Anja Piel MdL

Fraktionsvorsitzende

Tierschutzverbandsklagerecht wird eingeführt

Anja Piel: Wir geben Tieren eine Stimme

Heute (5. April 2017) haben SPD und Grüne im Niedersächsischen Landtag den Entwurf eines Gesetzes über Mitwirkungs- und Klagerechte von Tierschutzorganisationen beschlossen. Das Gesetz ermöglicht anerkannten Tierschutzorganisationen, in bestimmten Genehmigungs- und Erlaubnisverfahren mitzuwirken und Feststellungsklagen nach Maßgabe der Verwaltungsgerichtsordnung einzureichen.

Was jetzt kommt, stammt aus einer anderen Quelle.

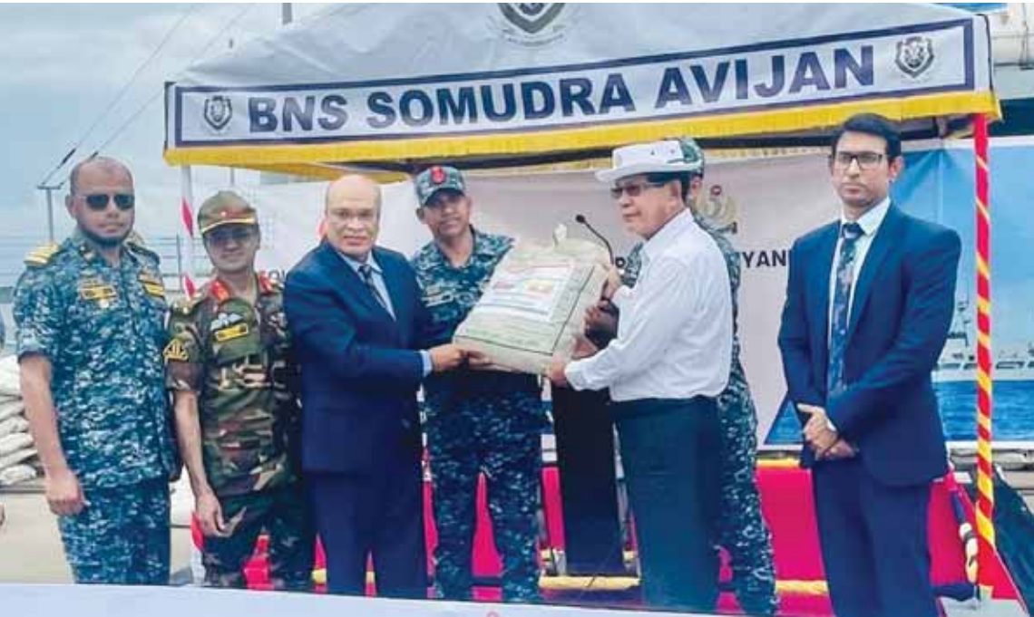
YANGON - Bangladesh Embassy handing over another consignment of humanitarian relief material from the government of Bangladesh to support those affected by the recent earthquake in Myanmar. The donation was handed over on Saturday.
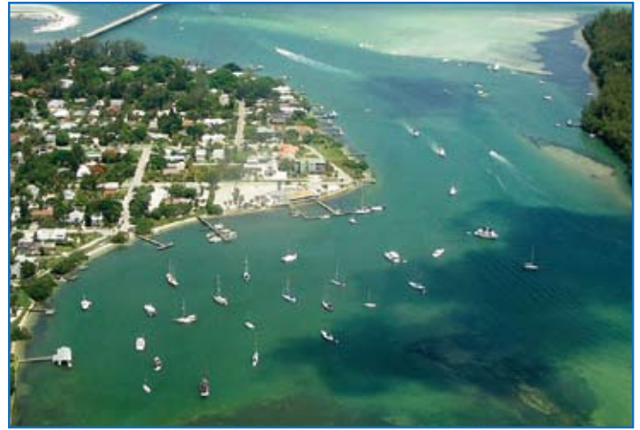
The popular anchorage near Longboat Pass is one of many busy boater destinations in southwest Florida.

The process provides a comprehensive overview of channel conditions, and the geographic distribution and severity of impediments to safe navigation and resource protection. It also supports more efficient permitting and saves tax dollars. Compared with traditional approaches to waterway management, the science-based regional waterway management system is unbiased, transparent, ecologically sound and fiscally prudent.
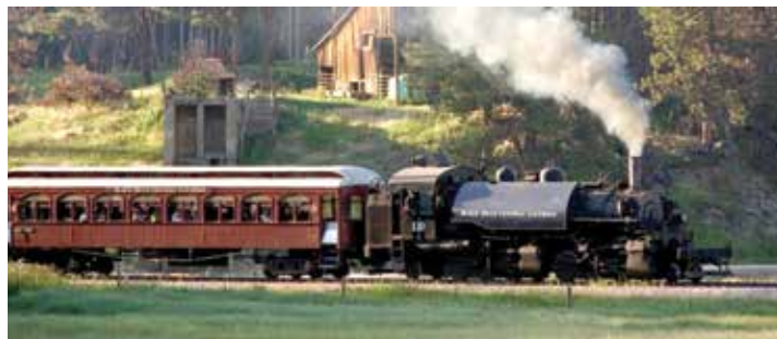
Ride the 1880 train.
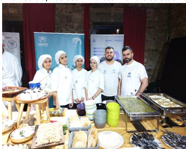
The traditional Deli Monday festival brought together refugees from Iran and Serbian youngsters in preparing and presenting their national dishes

The initial phase of the Project In their Sneakers , implemented by the Ministry of Education and the UNHCR Serbia, has been finalised with the selection of
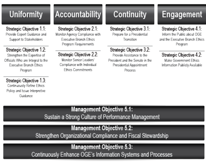
Figure 4: Strategic Goals and Objectives Framework

Strategic Goal IV: Engage the Public in Overseeing Government Integrity
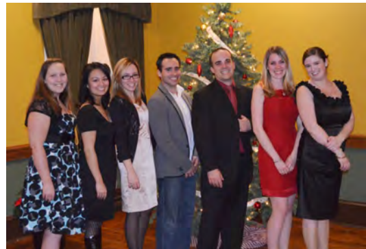
VEQ staff at Holiday Happy Hour 2012

Centre in Old Québec. Over 125 community members spent the evening socializing with friends old and new while partaking in the abundance of refreshments and merry entertainment. This year, 15 local businesses that serve our English-speaking community donated generously towards 4 large door prizes that were drawn to those in attendance. VEQ would also like to give a warm thank you to all the local businesses who graciously donated to the door prizes, as well as the community members in attendance. We could not have asked for a better way to ring in the Holidays.
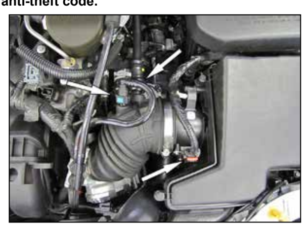
2. Disconnect MAF sensor, vent line, and crank case line from stock intake tube.

NOTE: Disconnecting the negative battery cable erases pre-programmed electronic memories. Write down all memory settings before disconnecting the negative battery cable. Some radios will require an anti-theft code to be entered after the battery is reconnected. The anti-theft code is typically supplied with your owner's manual. In the event your vehicles anti-theft code cannot be recovered, contact an authorized dealership to obtain your vehicles anti-theft code.
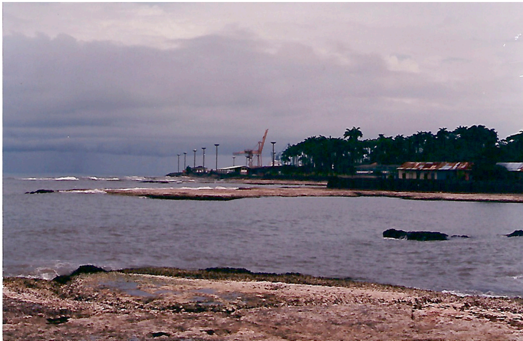
Fig. 7: Coseismic coastal uplift near Limón City, Costa Rica.
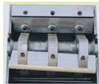
Angled Cut Open Chamber
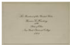
Electoral College ballot for Warren G. Harding as President (NYSA_B0023-79_V2_p231_1920_Harding)

„Mit diesem Recht erhalten Tierschützer eine Stellvertreterposition, um für die Rechte der Tiere eintreten zu können“, so Anja Piel, Grüne Abgeordnete aus Fischbeck. Damit sei es endlich nicht mehr nur den Tierhaltern und -nutzern möglich, bei Verstoß gegen Tier-Interessen zu klagen, sondern ebenfalls den Tierschützern: Etwa bei tierschutzwidrigen Bau- und emissionsschutzrechtlichen Genehmigungen, oder bei Verstößen gegen das Tierschutzgesetz bei Tierversuchen oder in der Tierzucht zu Tierversuchszwecken. „Tiere können nicht selbst vor Gericht ziehen, deswegen müssen wir Tierschutzorganisationen ermöglichen, dies stellvertretend zu tun. Wir geben den Tieren eine Stimme!“

Das Tierschutzverbandsklagerecht stellt ein Pendant zur naturschutzrechtlichen Verbandsklage dar. Und auch wenn es sich bei der Feststellungsklage um eine abgeschwächte Klageform handele, sei sie wirksam. Kann ein tierschutzrelevantes Genehmigungsverfahren oder Ähnliches beklagt werden, prüfen Behörden sorgfältiger, ob der Tatbestand dem geltenden Tierschutzrecht entspricht, denn behördliche Fehlentscheidungen können korrigiert werden. „Wir Grünen hätten uns noch schärfere Klageformen gewünscht. Das jetzige Gesetz ist aber auf jeden Fall ein Meilenstein bei der tatsächlichen Umsetzung von Tierschutzanforderungen“, erklärt Piel.